Voici un exemple qui illustre des milliers de cas semblables. Ibrahima Diallo, un voyagiste bien connu sur la place de Paris, débarque à Conakry, il y a dix ans. Il s’associe à un homme d’affaires qui a pignon sur rue dans la capitale. En très peu de temps, il loue à Kaloum, le centre-ville, un bureau. Il tire une ligne d’électricité, installe le téléphone et le télex. A l’époque, cela était encore possible, ce qui n’est plus le cas aujourd’hui. Il met en place une tour-opérator. Mais, selon la pratique locale, il doit tous les soirs aller faire allégeance, avec force salamalecs, à son associé, pratique qui l’indispose et à laquelle il répugne. De plus, il doit affronter les collaborateurs locaux de ce dernier, qui font tout pour lui mettre des bâtons dans les roues. Au bout de quelques mois, de guerre lasse, il jette l’éponge et rentre à Paris.

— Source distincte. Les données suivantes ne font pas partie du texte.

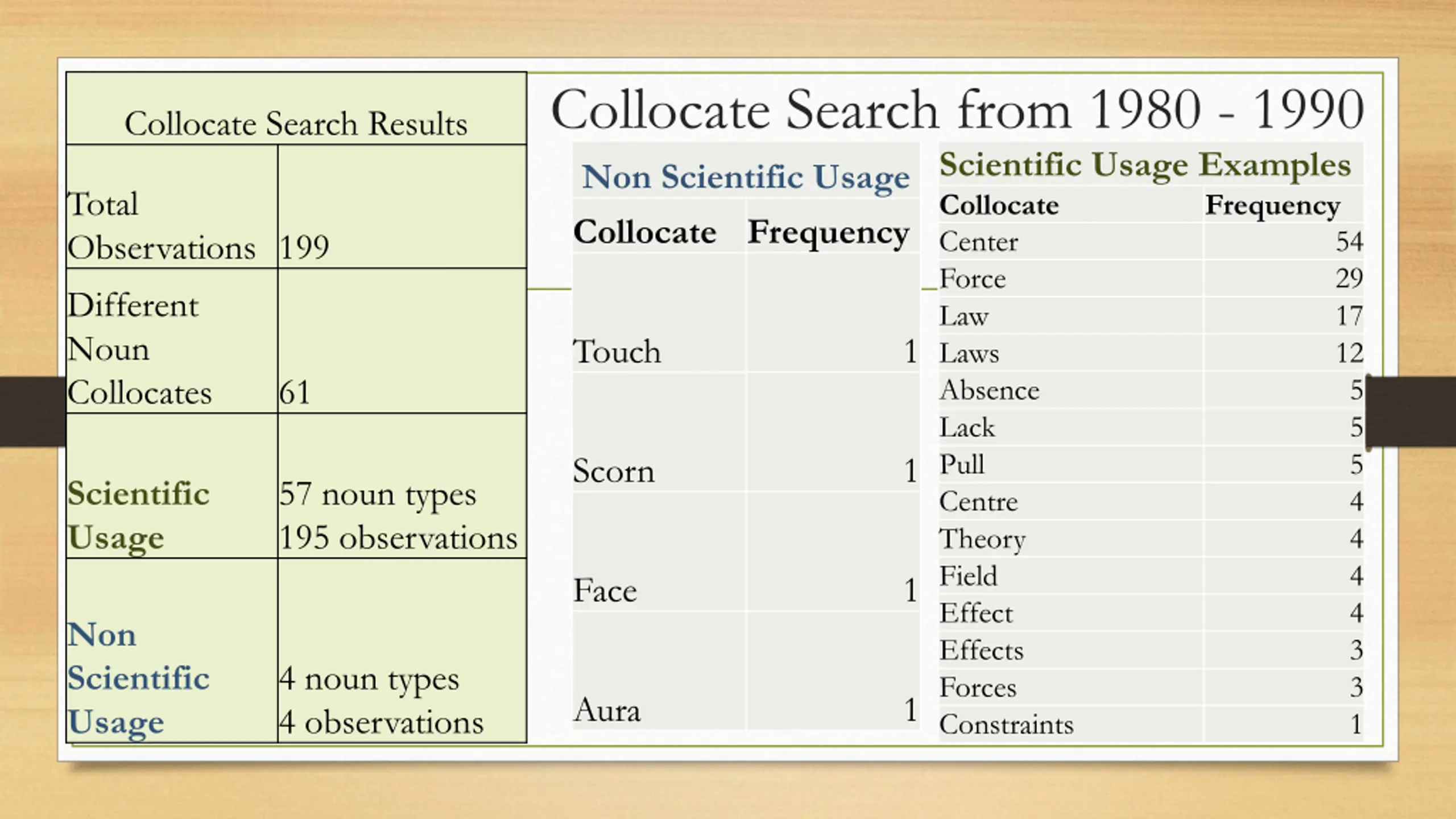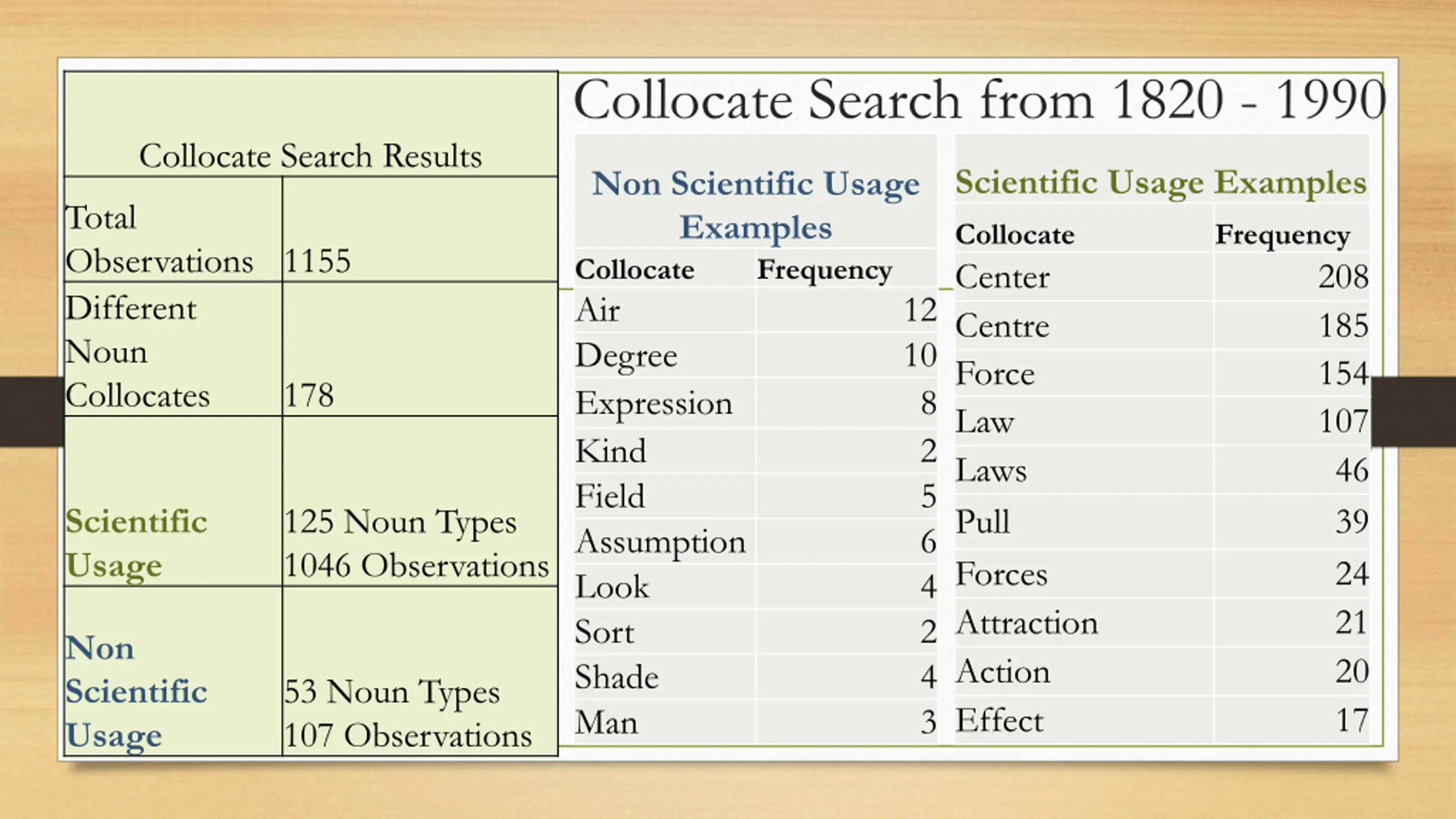 Collocate Search from 1820 - 1990 Collocate Search Results Scientific Usage Examples Collocate Center Centre Force Law Laws Pull Forces Attraction Action Effect Non Scientific Usage Examples Collocate Air Degree Expression Kind Field Assumption Look Sort Shade Man Total Observations 1155 Different Noun Collocates Frequency Frequency 208 185 154 107 46 39 24 21 20 17 12 10 178 8 2 5 6 4 2 4 3 Scientific Usage 125 Noun Types 1046 Observations Non Scientific Usage 53 Noun Types 107 Observations

Il doit tout reprendre à zéro, après avoir laissé toutes ses économies en Guinée. « Le retour est impossible », m’avait-il confié à l’époque. J’avais accueilli cette déclaration péremptoire avec scepticisme. Mais, j’ai fini par me ranger à son opinion, après avoir mené une enquête journalistique approfondie parmi les candidats au retour.
Tous ceux qui ont tenté le retour ont échoué. A de très rares exceptions près. Ceux qui réussissent sont des surdoués, ont des capacités exceptionnelles, hors du commun. Ce qui n’est pas donné à tout le monde.
Le fameux fossé qui sépare les Guinéens de l’intérieur des Guinéens de l’extérieur - que beaucoup nient en faisant la politique de l’autruche qui enfuit sa tête dans le sable pour ne pas voir la réalité en face – ne sera pas comblé avant plusieurs décennies. Pendant ce temps, nos enfants seront devenus français, à part entière, ou allemands, ou américains, voire chinois ou australiens. Peut-être nos petits-enfants ou leurs descendants rentreront-ils en Guinée un jour ? A voir.
On peut donc comprendre qu’aucun Diaspo, dirigeant d’un parti d’opposition, n’arrivera jamais au pouvoir en Guinée. Je recommande aux partis politiques de susciter, en leur sein, à l’intérieur même du pays, des nouveaux leaders qui prendront la relève.